On October 26, the day of the will execution, Mahaffey again requested emergency assistance for pain relief. She had been without pain medication for 24 hours due to the termination of hospice care. A Plan of Care and Treatment from her doctor and new hospice provider on October 26 stated that Mahaffey “experienced periods of confusion, fatigue, forgetfulness, and was prone to poor judgment.”
The court found that Ms. Crosswhite introduced sufficient evidence on the question of capacity to allow the case to go forward. Given her declining condition, periods of confusion, and worsening memory, there was a genuine issue of material fact as to her capacity and summary judgment was improper. Thus, the court reversed and remanded the case back to the trial court for further proceedings. No appeal was filed.
First, keep the procedural posture of this case in mind. The Court of Appeals did not make a ruling on whether Ms. Mahaffey had capacity or not. The court only decided there was enough evidence to raise a factual question that should be determined by the fact finder at trial. A trial will determine whether Ms. Mahaffey had sufficient testamentary capacity.
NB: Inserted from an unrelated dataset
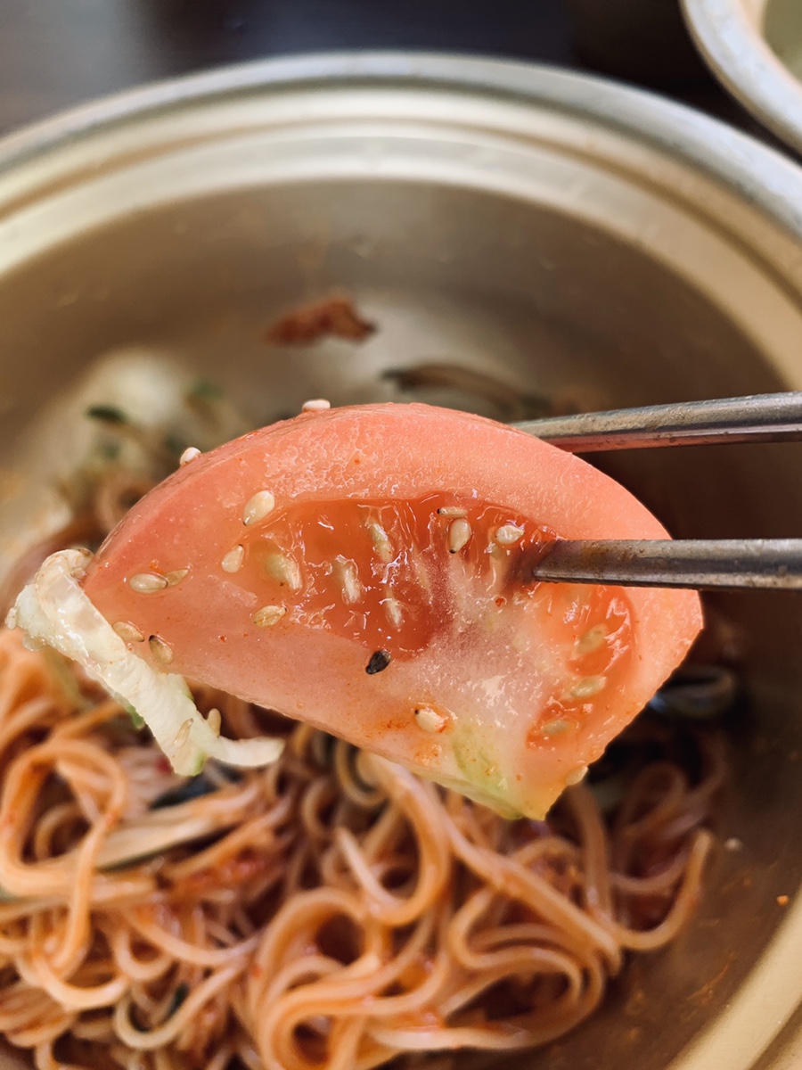 비빔국수는 국수 위 올려져 있는 토마토가 포인트더군요. 비빔국수 양념도 적정한 매콤함과 달달함의 균형이 맞추어져 있어서 맛있게 먹었네요. 그렇다고 7,000원까지 내고 먹을 정도는 아니고, 한 번 정도 방문해서 맛볼만한 정도였습니다.

Second, this case illustrates the importance of having an estate plan in place before someone is in failing health. Looking at the analysis in this case, the issue of testamentary capacity could certainly arise for anyone executing a will close to his or her death. Having a will and other estate planning documents in place before one is near death may help avoid this type of challenge.
Third, if a person is near death and does wish to change his or her will, it will be important to ensure evidence of capacity when the will was executed. Having several witnesses who are able to testify about the person’s condition the day of the execution will likely be extremely important.